Sulle vie della parità. La scuola Lambruschini di Padova a Roma

Il lavoro presentato alla sesta edizione del concorso Sulle vie della parità dalla scuola primaria Lambruschini di Padova vede coinvolte la 5ª A e la 5ª B in un progetto a più tappe che nell’arco di due mesi ha visto l’esplorazione delle strade del quartiere 6 “Valsugana-Brentella” dove risiede la scuola e dove vivono ragazze e ragazzi, disegnato gli itinerari percorsi, studiato le intitolazioni presenti e indagato possibili candidature per colmare le assenze, approfondito l’importanza della presenza dei due generi nelle intitolazioni anche alla luce della sensibilità sviluppata verso i pari diritti di cittadinanza dopo aver approfondito la nostra Carta Costituzionale. Osservando il territorio esplorato hanno inoltre rilevato che il parco adiacente alla scuola è privo di intitolazione. 

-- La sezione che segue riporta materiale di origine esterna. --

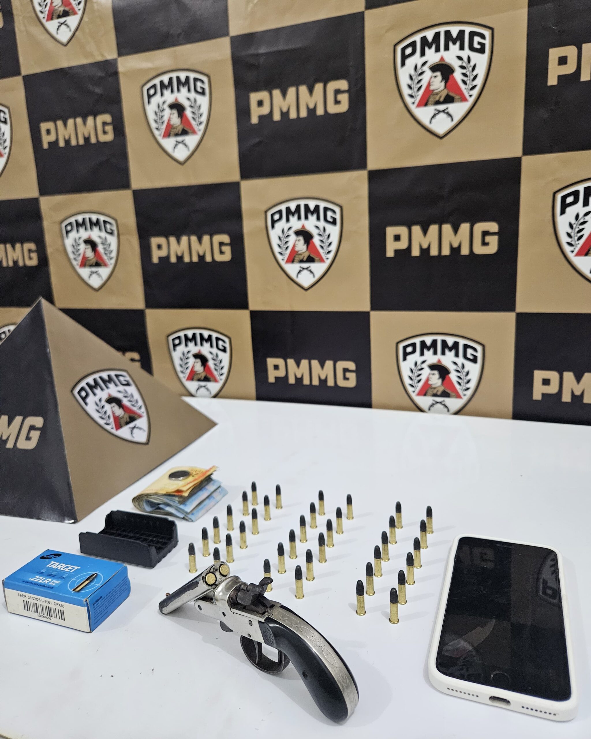 Durante a abordagem e busca pessoal, os policiais encontraram com o homem uma garrucha calibre .22, municiada com duas munições. Em continuidade às buscas, foi localizada uma caixa contendo mais munições do mesmo calibre, totalizando 38 munições apreendidas.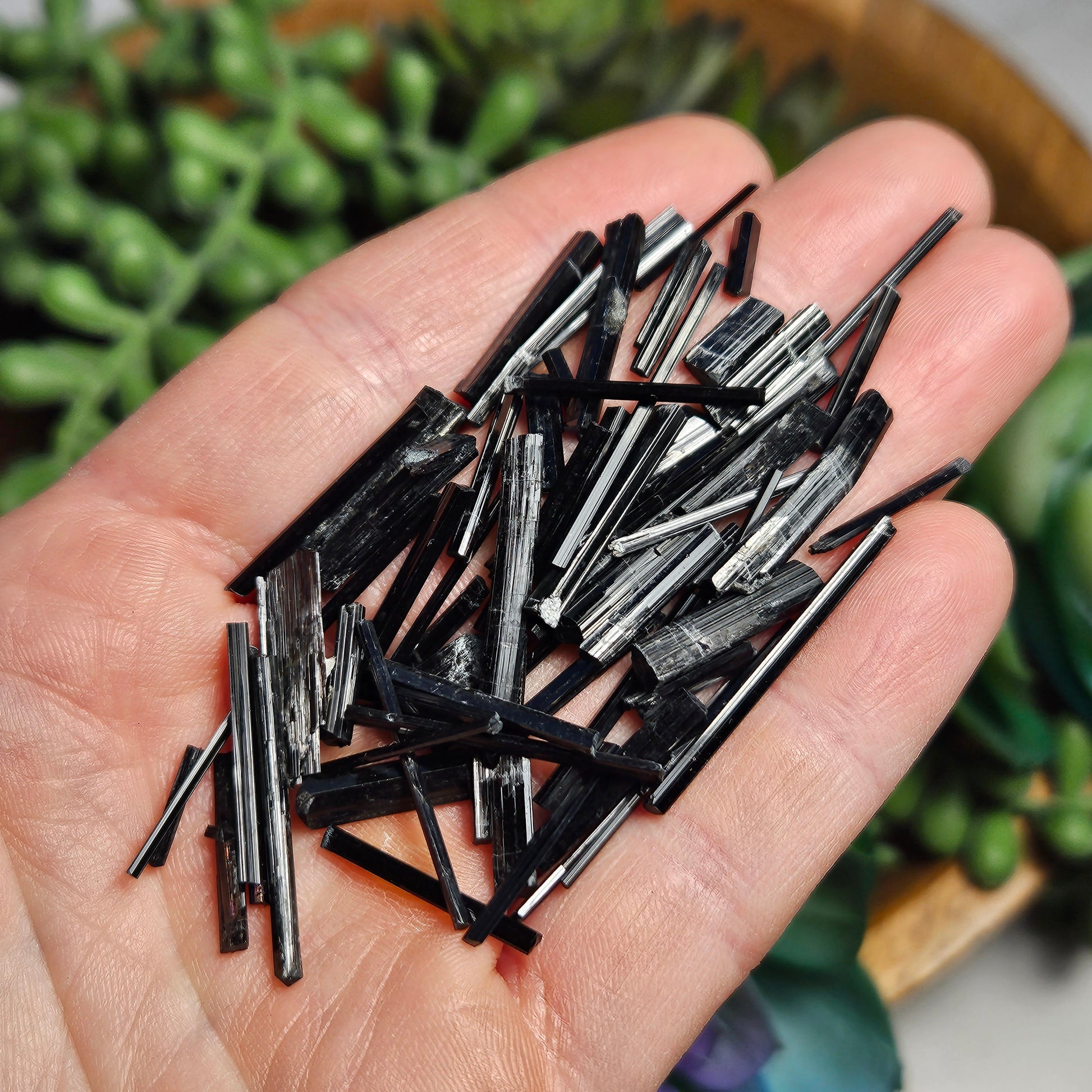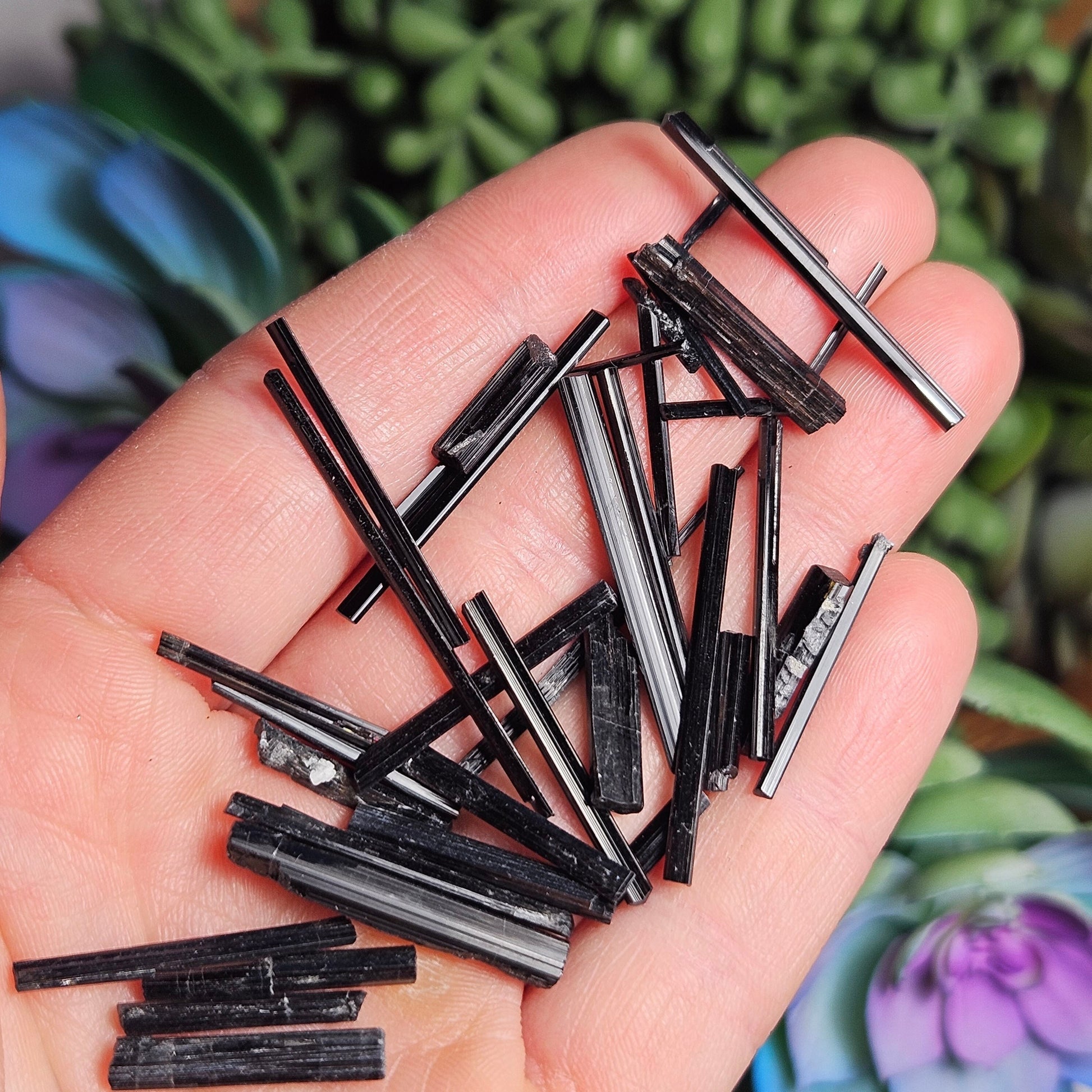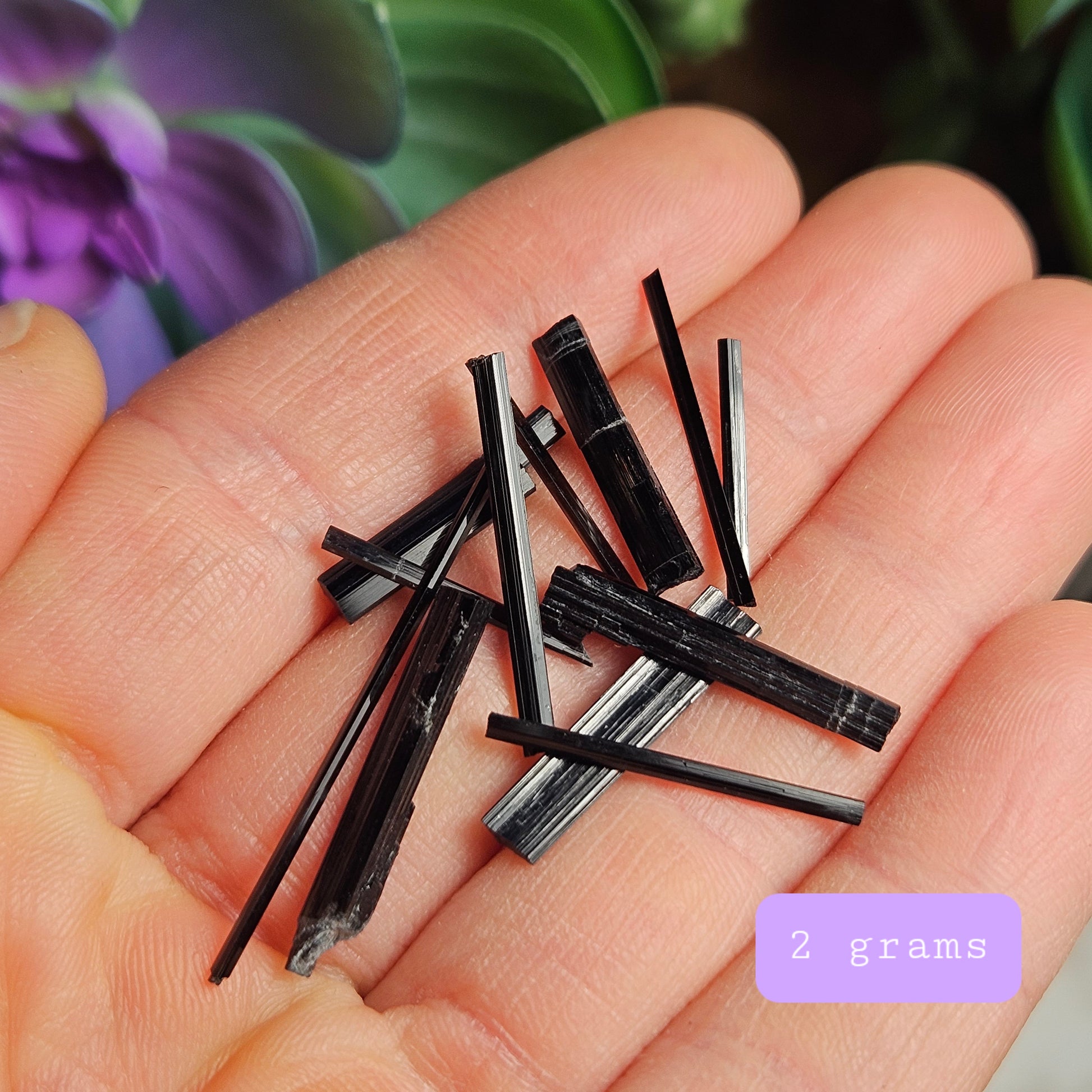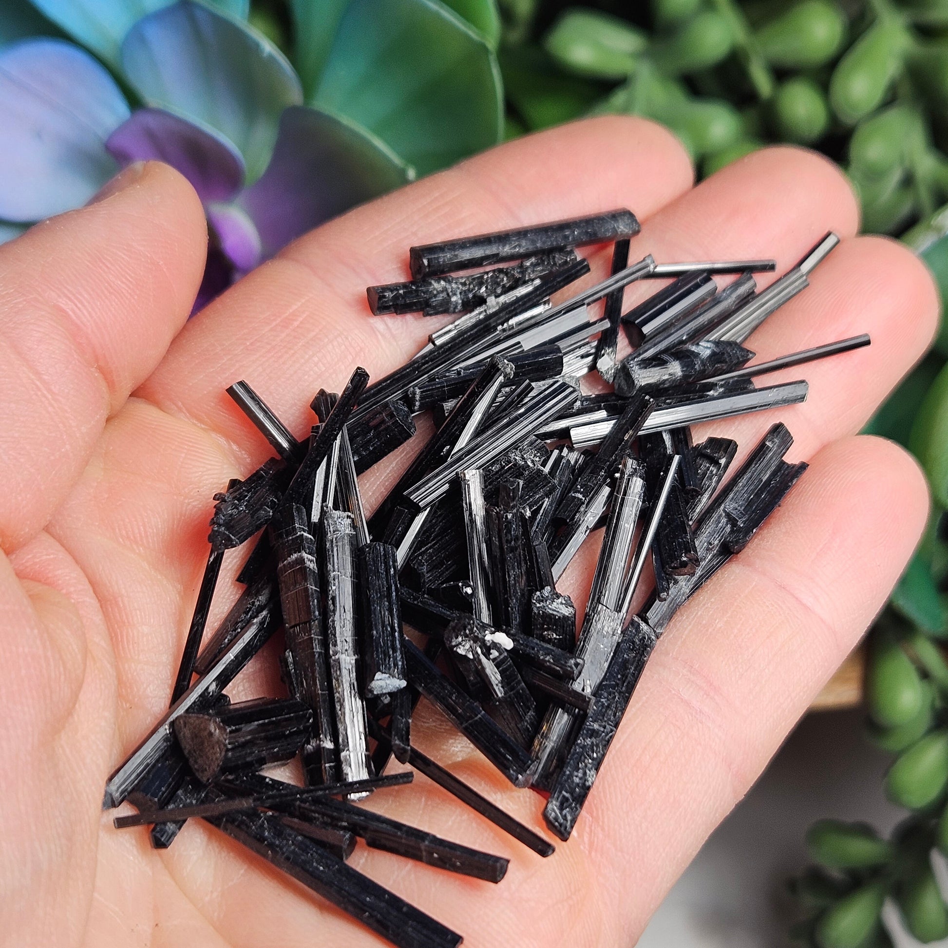 These Black Tourmaline "needle" crystals are from Brazil. They range in size from just a few millimeters to over an inch in size. We offer these in 2 gram bundles, with each bag having a unique variety of sizes and shapes.

Le maestre Patrizia Zanardi, Selene Sanmartin, Eleonora Danieletto e Francesca Spada, hanno svolto nel tempo con alunne e alunni percorsi rivolti alla cittadinanza attiva e all’ascolto dei sentimenti e quando Toponomastica femminile, il 17 gennaio, ha incontrato le classi, ha trovato ragazze e ragazzi estremamente attenti, collaborativi, sensibili e critici nei confronti degli stereotipi di genere, con una approfondita conoscenza del territorio. È stato pertanto semplice e interessante dialogare con loro sulle possibili cause delle assenze femminili nelle intitolazioni delle strade e illustrare loro la parte burocratica necessaria alla presentazione di una proposta di intitolazione toponomastica al Comune poiché si aveva un duplice obiettivo: presentare al comune la proposta di intitolazione del parco e proporre alle classi di partecipare al concorso Sulle via della parità, proposta a cui hanno aderito all’unanimità!  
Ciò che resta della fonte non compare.